From the line with "한편 갤럭시 북3 시리즈는" through the last line of the records below, both ends included, transcribe only those lines, exactly, and omit the pictures.

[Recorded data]
○ ○ ○ ○

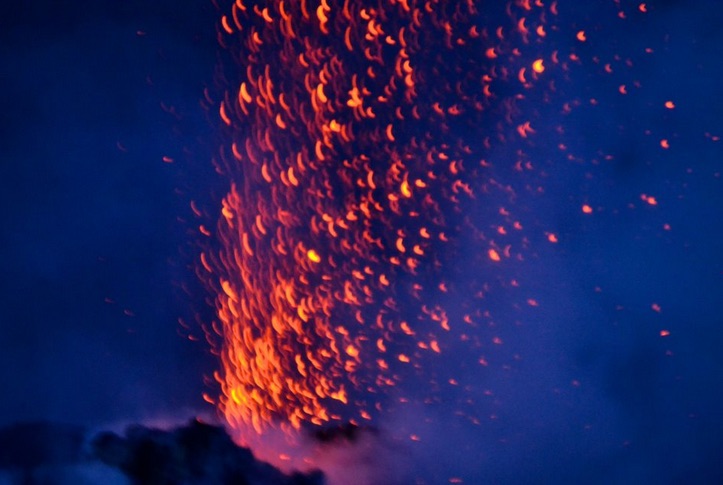 Après quelques heures de marche, on commence à entendre gronder le Stromboli. Le chemin est de plus en plus raide et inconfortable. Le soleil commence sa descente. Et tout d’un coup, sur l’arrête d’une montagne… on aperçoit une explosion rouge vif monter vers le ciel, accompagnée d’un craquement sourd. Puis l’explosion laisse place à un nuage gris que le vent éloigne lentement, quelques projectiles encore rouges dévalent la pente de cendres et disparaissent dans la mer.
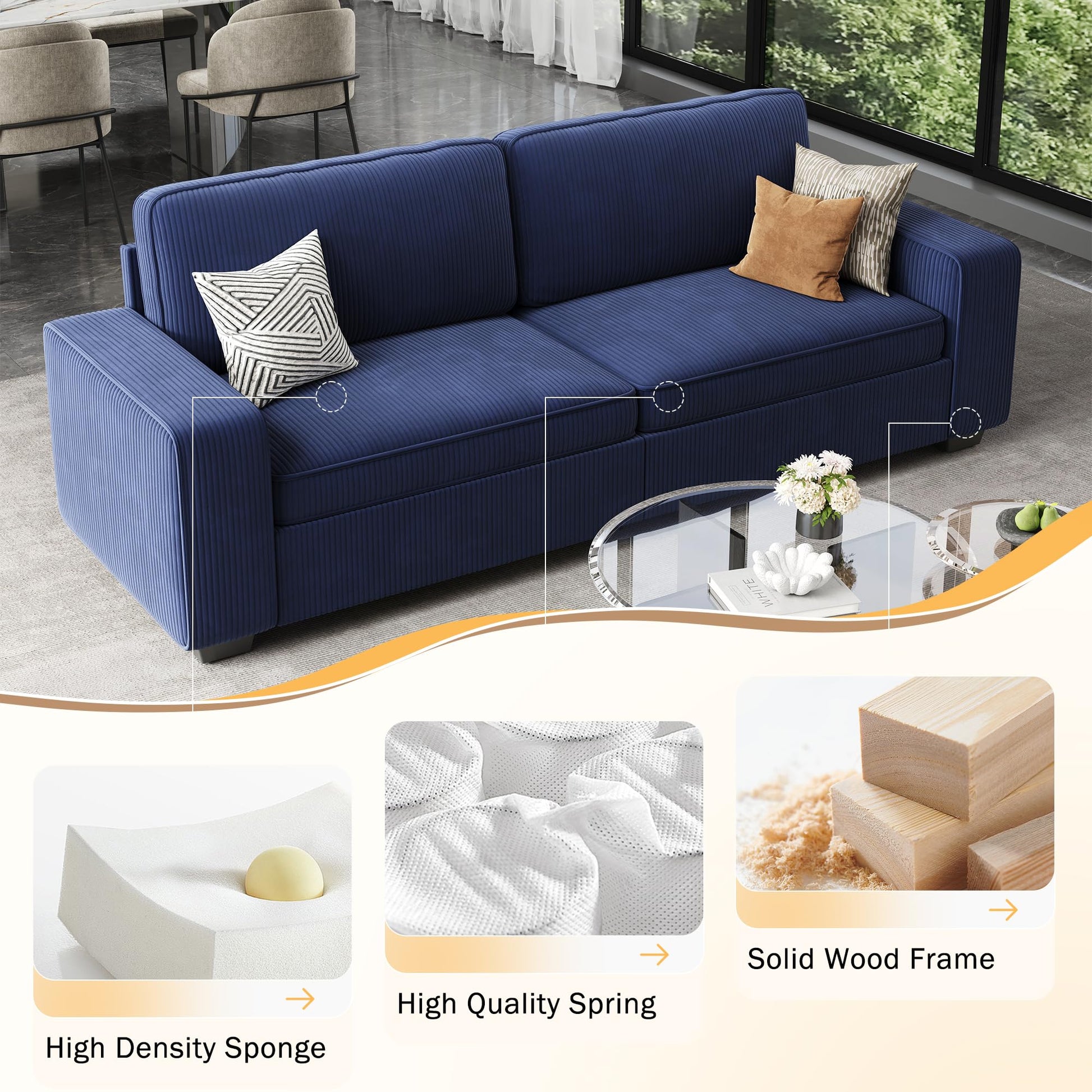 86" Blue Corduroy Sofa with Deep Seats
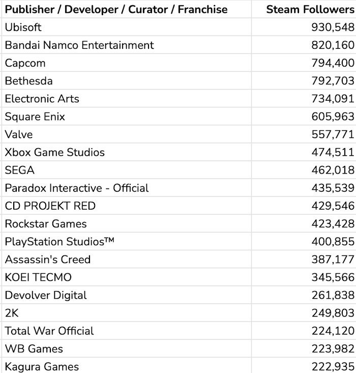 Results are somewhat as expected. There’s some franchises in the Top 20 in addition to publishers - Assassin’s Creed (which isn’t even actively publishing on Steam right now!) and Total War. And maybe the adult RPG/visual novel creator Kagura Games being in this list is a little surprising? But, smut…
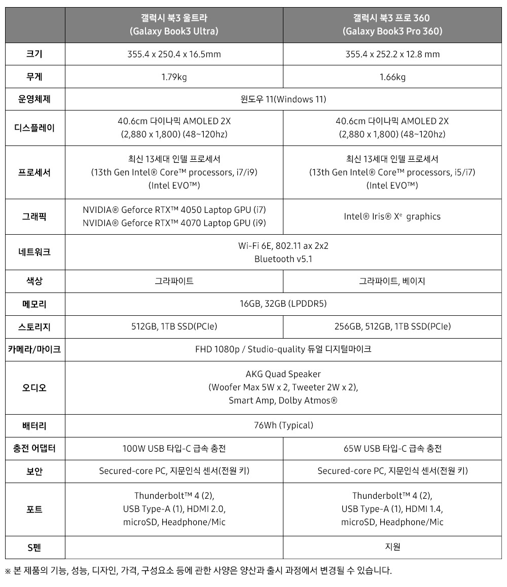 한편 갤럭시 북3 시리즈는 갤럭시 스마트폰에 사용되는 ‘다이나믹 AMOLED 2X’ 디스플레이를 시리즈 최초로 도입했다.
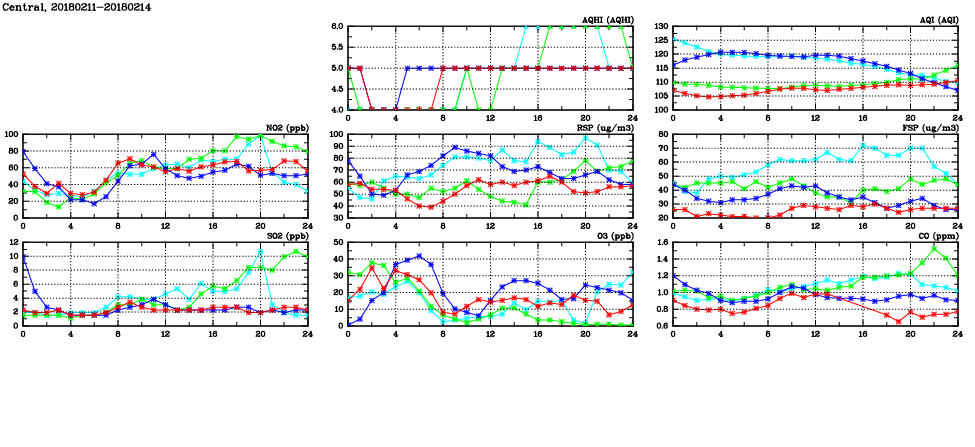 | Air Quality Data Time Series in Central (2018/02/14) | ( Line colors: Day -3 Day -2 Day -1 Current day ) | 2D Map Current AQHI |
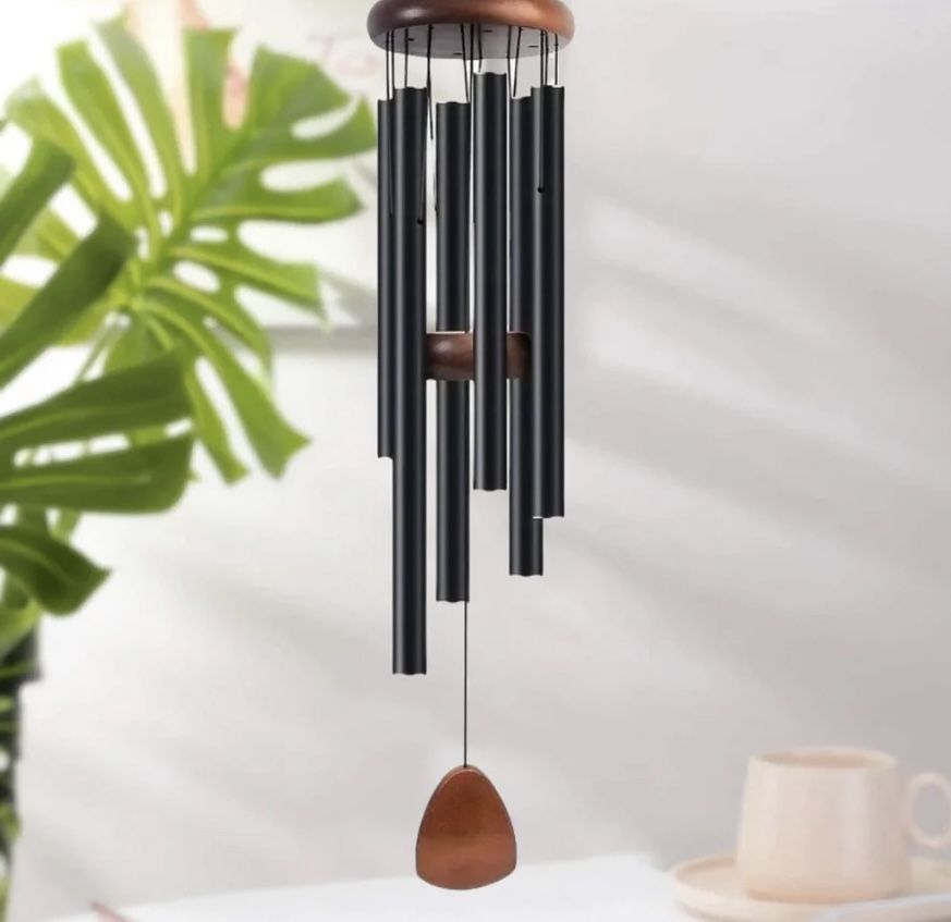 This 26” decorative wind chime features 6 black aluminum tubes and a wooden top, made for enhancing outdoor ambiance with soothing melodic tones. Made of high-quality metal, these wind chimes are designed to withstand outdoor elements and last for years. It also features an adjustable wooden striker, allowing you to customize your preferred position for optimal sound and aesthetic appeal. Brand new, never used. I paid $25 on Amazon. Located near Cheyenne and Decatur.
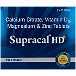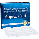 Supracal HD Tablet With Calcium, Vitamin D3, Magnesium & Zinc For Bone & Teeth Health, 30 pcs (2 Strip x 15 Tablet each)
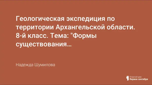 Урок требует хорошо организованного подготовительного этапа. Под руководством учителя химии участники экспедиции систематизировали и углубили знания на основе межпредметных связей, развили умения и навыки самостоятельной работы с научно-популярной литературой, учащиеся рассмотрели минералы, изучили элементарный состав полезных ископаемых Архангельской области.

○ ○ ○ ○

**THE COMPLETED TASK**:
 한편 갤럭시 북3 시리즈는 갤럭시 스마트폰에 사용되는 ‘다이나믹 AMOLED 2X’ 디스플레이를 시리즈 최초로 도입했다.
 | Air Quality Data Time Series in Central (2018/02/14) | ( Line colors: Day -3 Day -2 Day -1 Current day ) | 2D Map Current AQHI |
 This 26” decorative wind chime features 6 black aluminum tubes and a wooden top, made for enhancing outdoor ambiance with soothing melodic tones. Made of high-quality metal, these wind chimes are designed to withstand outdoor elements and last for years. It also features an adjustable wooden striker, allowing you to customize your preferred position for optimal sound and aesthetic appeal. Brand new, never used. I paid $25 on Amazon. Located near Cheyenne and Decatur.
 Supracal HD Tablet With Calcium, Vitamin D3, Magnesium & Zinc For Bone & Teeth Health, 30 pcs (2 Strip x 15 Tablet each)
 Урок требует хорошо организованного подготовительного этапа. Под руководством учителя химии участники экспедиции систематизировали и углубили знания на основе межпредметных связей, развили умения и навыки самостоятельной работы с научно-популярной литературой, учащиеся рассмотрели минералы, изучили элементарный состав полезных ископаемых Архангельской области.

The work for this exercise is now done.